The strike was then authorized for Jan. 3, the day Howard Brown Health plans to lay off 61 union members across 11 locations, according to Margo Gislain, the lead organizer with the Illinois Nurses Association’s Howard Brown Health Unit.

The cuts include all drug abuse case managers at South Side locations, members of the gender-affirming care team for youth and nearly all of the In Power team, which is dedicated to helping survivors of sexual assault and harassment navigate health care and legal systems.

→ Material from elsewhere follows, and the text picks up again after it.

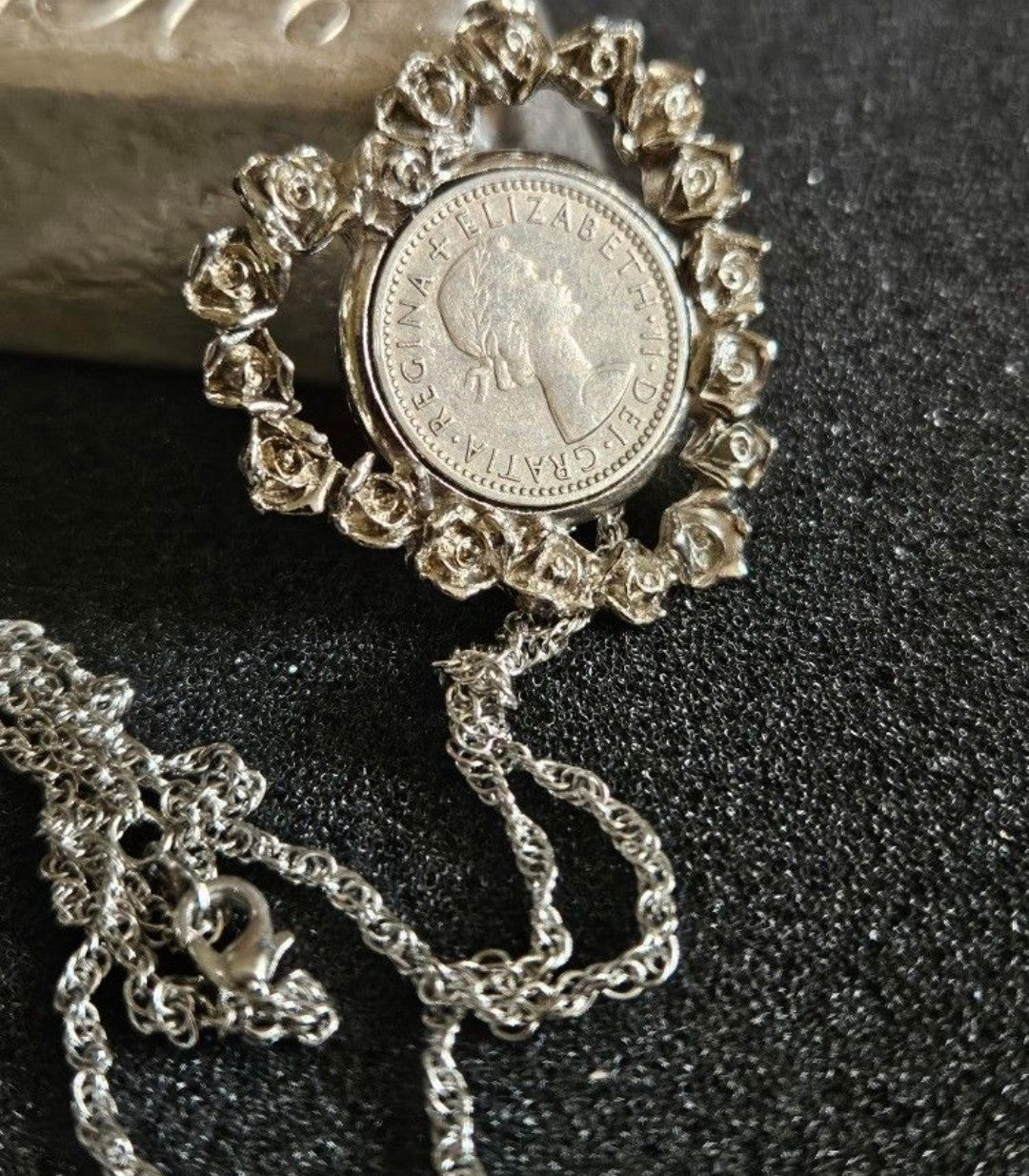 Vintage Rose pattern heart shape design , with a 1957 British 6 Pence coin pendant .

Howard Brown Health has stated the layoffs are needed to bridge an estimated $12 million budget gap, which was attributed to changes in pharmaceutical legislation and the end of some COVID-19 assistance programs.

Representatives for Howard Brown Health didn’t immediately respond to requests for comment Saturday.

Union leaders say they’ve seen no evidence of such dire financial straits.

“What is happening does not make sense with what their proposal is for this new facility,” Gislain said, referring to a $44 million Lake View facility currently under construction. “It’s very weird to cut staff by 60 and then immediately staff back up again in September.”

In March 2022, Howard Brown Health broke ground on that facility to replace one of its oldest offices, which closed in 2020. The initial plans had been set to include a staff of 100 by the 2023 opening, which would nearly double over time to accommodate dental offerings and an expansion of behavioral health care services, representatives for Howard Brown Health said when construction started.

Union members say they’ve even seen job postings for positions that were on the layoff list.

A Friday night release from the two unions accused the health care organization of 19 total violations of the National Labor Relations Act, one of which they said was “bargaining in bad faith,” which Gislain says is shown in the offers the union received.

She said the first day of bargaining was opened by management with a “voluntary separation proposal” which 112 members were given five days to accept. When no offer was made, management switched to 61 “involuntary separations” with layoffs going into effect Jan. 3.

Gislain called it a “downgrade” in offers which she believes fits the “bad faith” definition set by the NLRA.

Julian Modugno — an event planner at Howard Brown Health and union bargaining board member who is on the layoff list — said it has been “hard to take the offers seriously” because of inconsistencies in communication from management.

“In November I’d been told by the vice president of my department that I had a bright future at the organization,” Modugno, 37, said. “To find out 10 days later that they were trying to lay me off was confusing.”

He also described working on the grand opening of the new Lake View facility as “bittersweet” seeing as he isn’t sure he will still have a job with Howard Brown by then.

“An ongoing issue at Howard Brown is that so much of their language is about the idea of serving the queer community of Chicago,” Modugno said. “What Howard Brown says and what Howard Brown does doesn’t often line up with each other… It’s very difficult to understand how laying off a bunch of queer people ties into the idea of LGBTQ liberation.”